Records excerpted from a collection
BEGIN

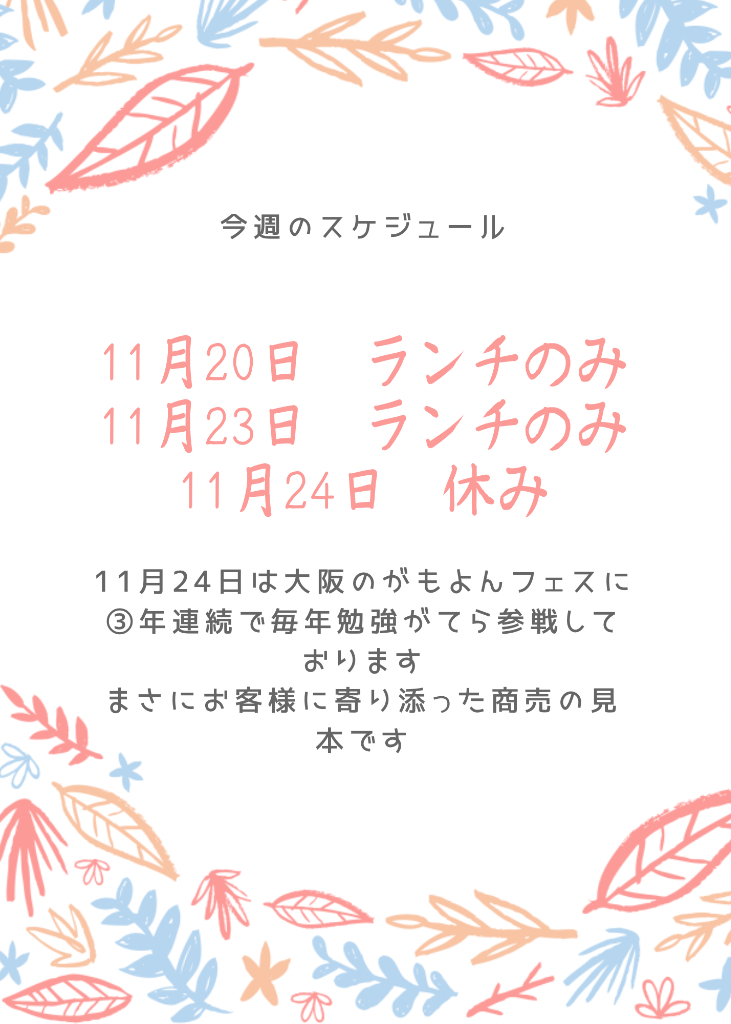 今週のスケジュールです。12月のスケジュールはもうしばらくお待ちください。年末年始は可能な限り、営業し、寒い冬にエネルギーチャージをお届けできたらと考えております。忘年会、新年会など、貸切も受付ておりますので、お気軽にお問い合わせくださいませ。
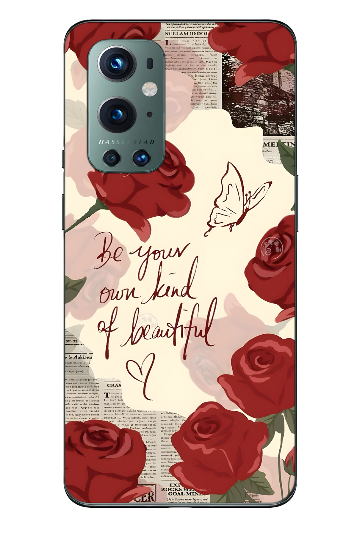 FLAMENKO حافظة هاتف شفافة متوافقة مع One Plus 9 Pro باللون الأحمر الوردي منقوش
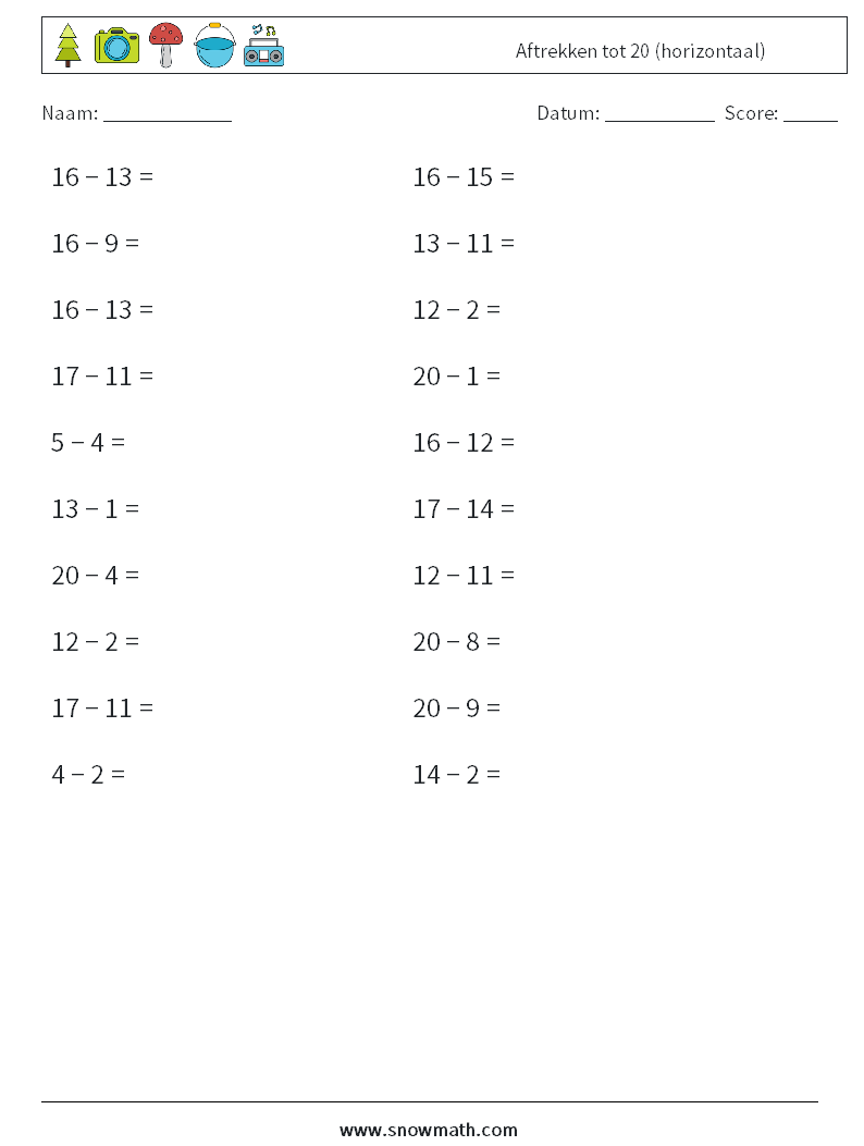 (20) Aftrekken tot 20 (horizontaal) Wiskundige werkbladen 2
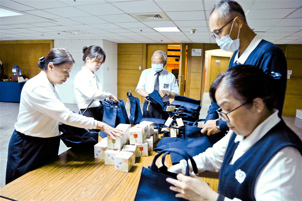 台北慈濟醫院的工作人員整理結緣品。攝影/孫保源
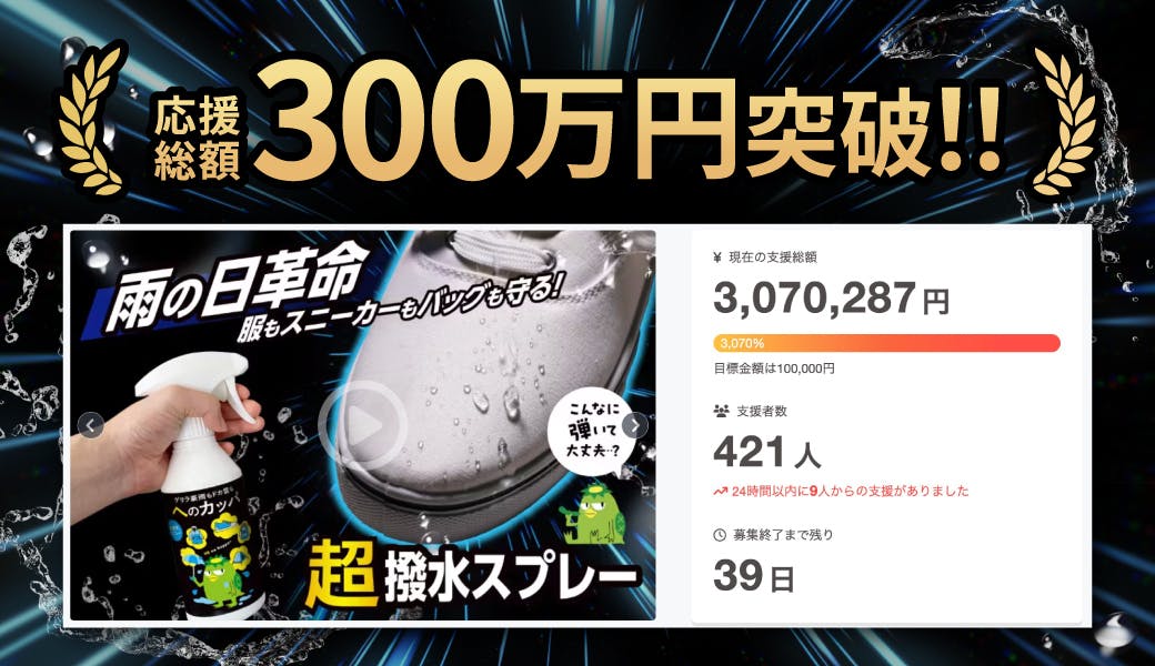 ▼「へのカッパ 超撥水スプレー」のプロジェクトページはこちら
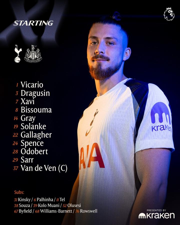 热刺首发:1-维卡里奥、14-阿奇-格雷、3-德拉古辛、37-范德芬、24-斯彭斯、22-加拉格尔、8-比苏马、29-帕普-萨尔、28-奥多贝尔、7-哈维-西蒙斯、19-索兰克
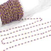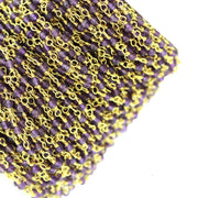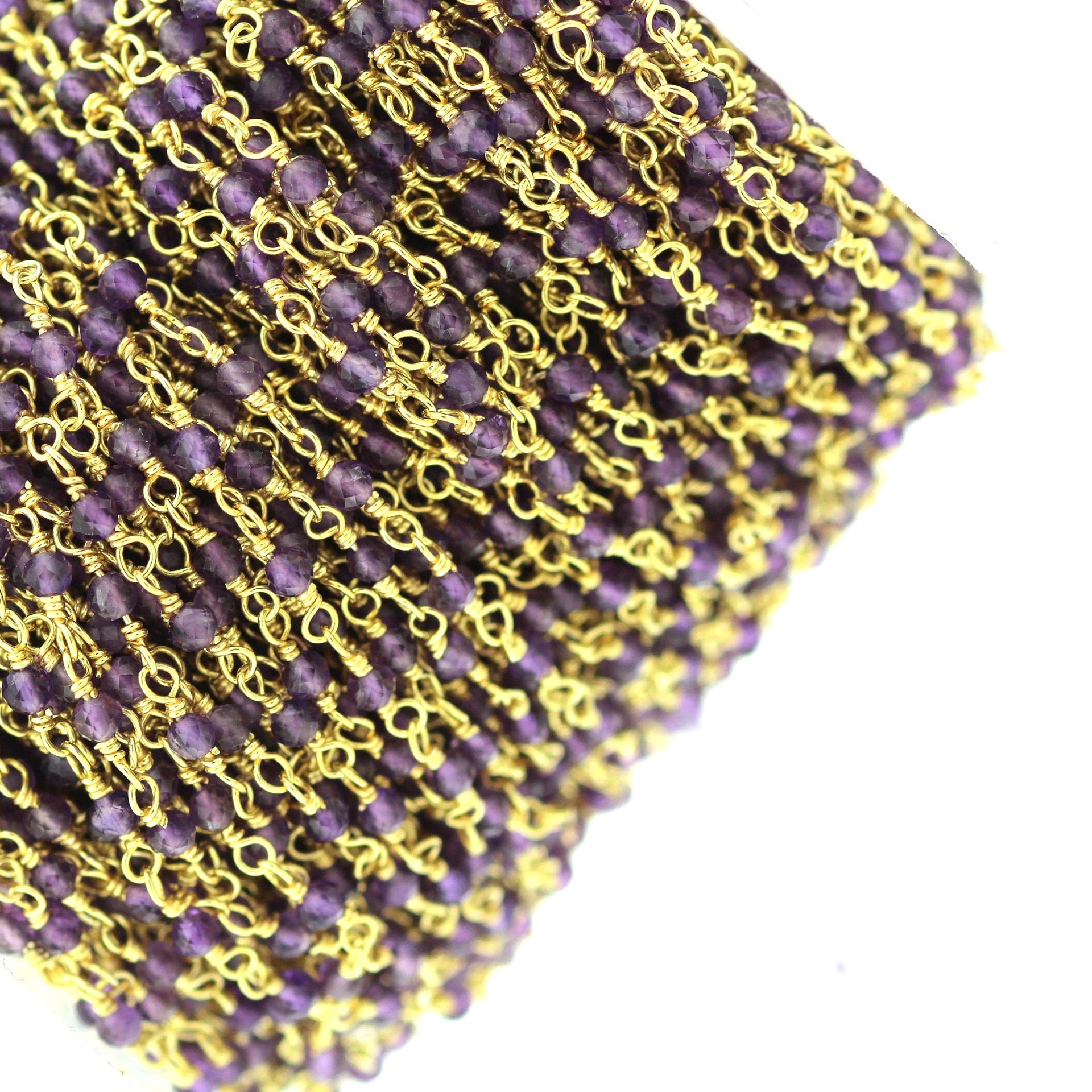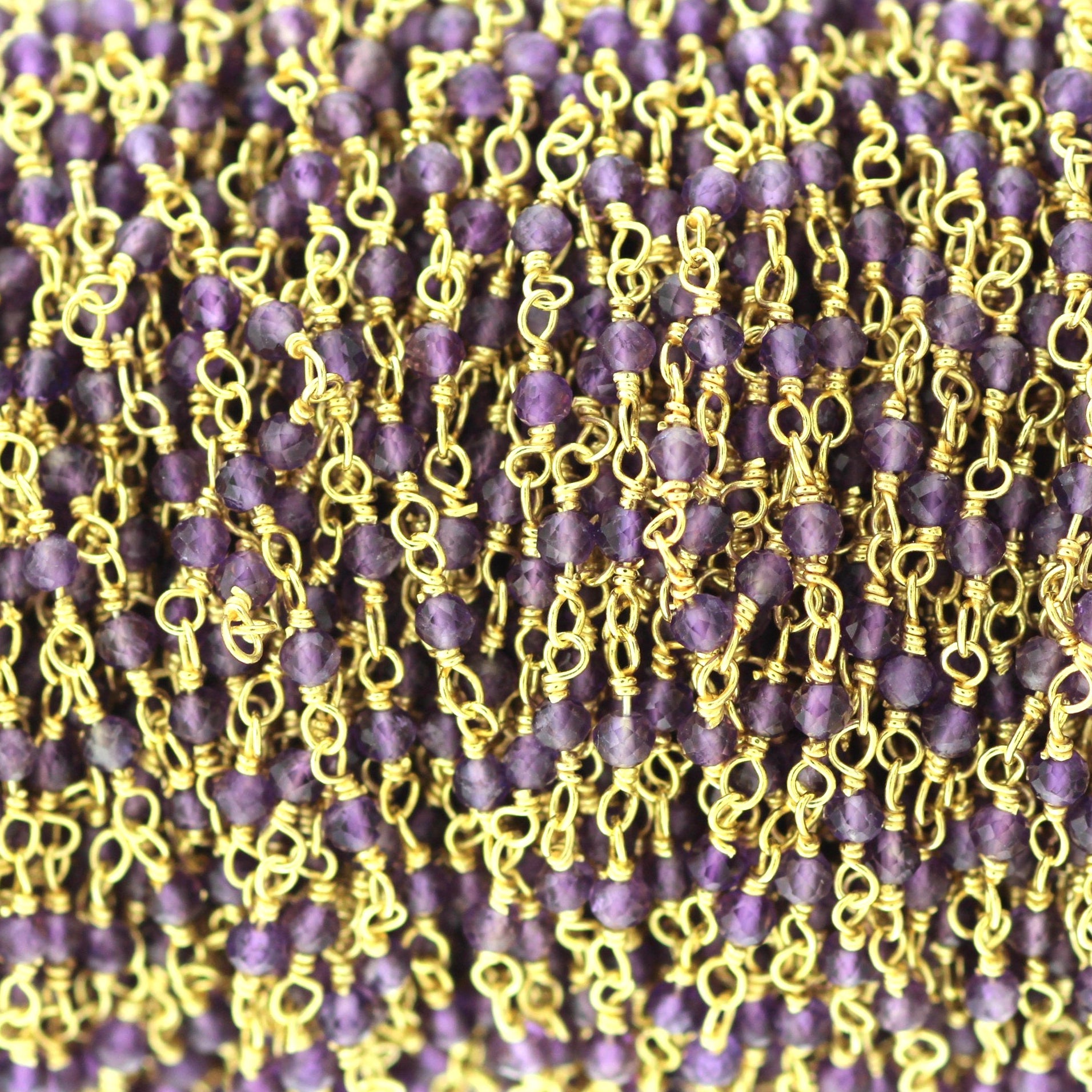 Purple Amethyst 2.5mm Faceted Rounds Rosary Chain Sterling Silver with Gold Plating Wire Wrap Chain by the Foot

END

Your copy should run from the line that has "热刺首发:1-维卡里奥、14" through the last line above, exactly, with both ends in and pictures out.

■ SOLUTION TO THIS PROBLEM
 热刺首发:1-维卡里奥、14-阿奇-格雷、3-德拉古辛、37-范德芬、24-斯彭斯、22-加拉格尔、8-比苏马、29-帕普-萨尔、28-奥多贝尔、7-哈维-西蒙斯、19-索兰克
 Purple Amethyst 2.5mm Faceted Rounds Rosary Chain Sterling Silver with Gold Plating Wire Wrap Chain by the Foot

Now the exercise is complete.